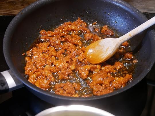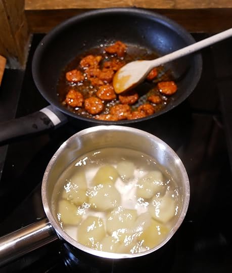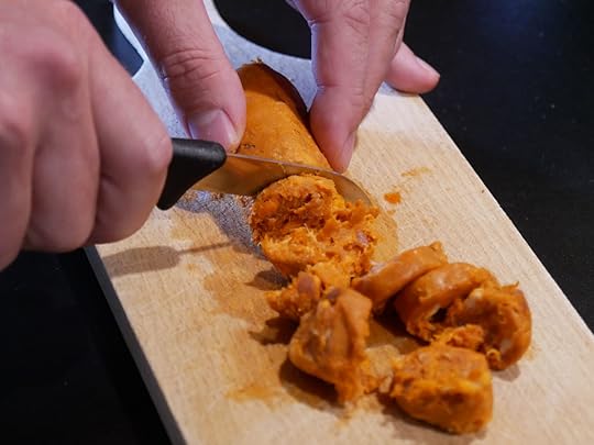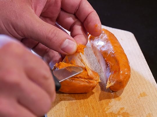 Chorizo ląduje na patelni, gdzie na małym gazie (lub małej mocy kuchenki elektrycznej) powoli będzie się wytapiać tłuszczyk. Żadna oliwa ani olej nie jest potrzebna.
* * *
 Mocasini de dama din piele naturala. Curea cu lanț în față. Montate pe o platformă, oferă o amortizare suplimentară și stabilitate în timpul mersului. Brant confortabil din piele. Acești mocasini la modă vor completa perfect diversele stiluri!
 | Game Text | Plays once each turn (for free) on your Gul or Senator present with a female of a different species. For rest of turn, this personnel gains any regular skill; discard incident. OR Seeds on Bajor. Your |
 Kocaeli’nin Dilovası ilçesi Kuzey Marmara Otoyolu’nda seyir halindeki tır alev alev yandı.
...
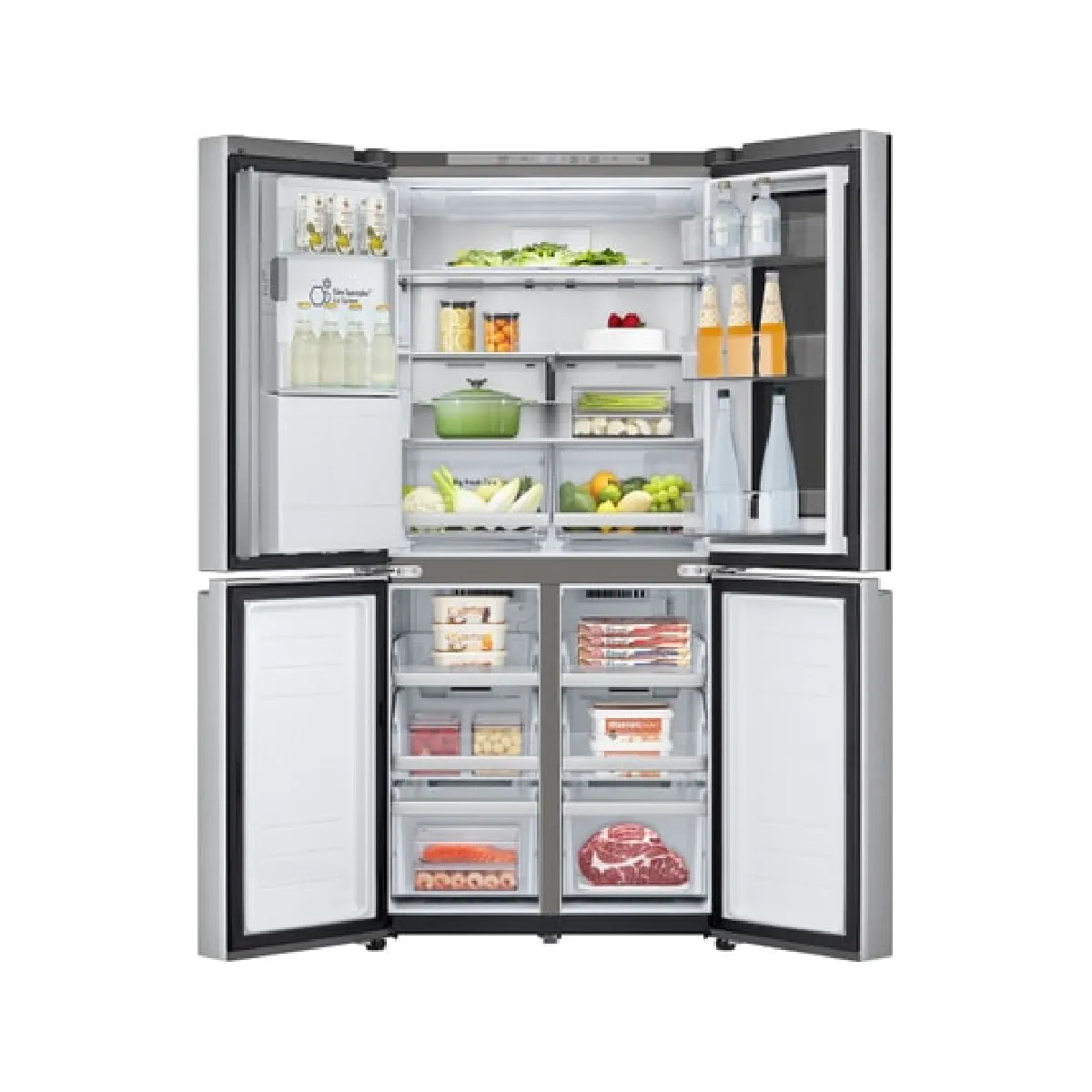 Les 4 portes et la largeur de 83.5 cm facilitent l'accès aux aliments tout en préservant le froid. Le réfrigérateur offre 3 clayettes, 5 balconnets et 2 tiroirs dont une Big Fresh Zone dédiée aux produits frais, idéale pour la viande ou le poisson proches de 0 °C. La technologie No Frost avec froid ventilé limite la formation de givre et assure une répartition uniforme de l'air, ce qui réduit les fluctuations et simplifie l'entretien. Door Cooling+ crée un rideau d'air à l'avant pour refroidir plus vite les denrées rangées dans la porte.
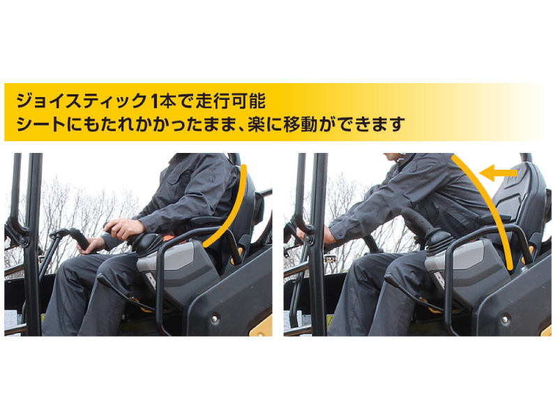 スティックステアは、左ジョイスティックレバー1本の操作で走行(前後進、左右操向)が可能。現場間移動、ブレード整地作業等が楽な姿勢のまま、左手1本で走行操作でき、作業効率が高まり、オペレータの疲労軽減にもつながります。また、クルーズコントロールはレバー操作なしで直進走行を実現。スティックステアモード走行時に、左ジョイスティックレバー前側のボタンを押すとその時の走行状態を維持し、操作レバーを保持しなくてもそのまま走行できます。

**Work to be completed**
Everything starting at the line containing "Bajor. Your |" and ending at the line containing "Kocaeli’nin Dilovası ilçesi" in the records above should be repeated exactly, and only that.

**Your response**
 | Game Text | Plays once each turn (for free) on your Gul or Senator present with a female of a different species. For rest of turn, this personnel gains any regular skill; discard incident. OR Seeds on Bajor. Your |
 Kocaeli’nin Dilovası ilçesi Kuzey Marmara Otoyolu’nda seyir halindeki tır alev alev yandı.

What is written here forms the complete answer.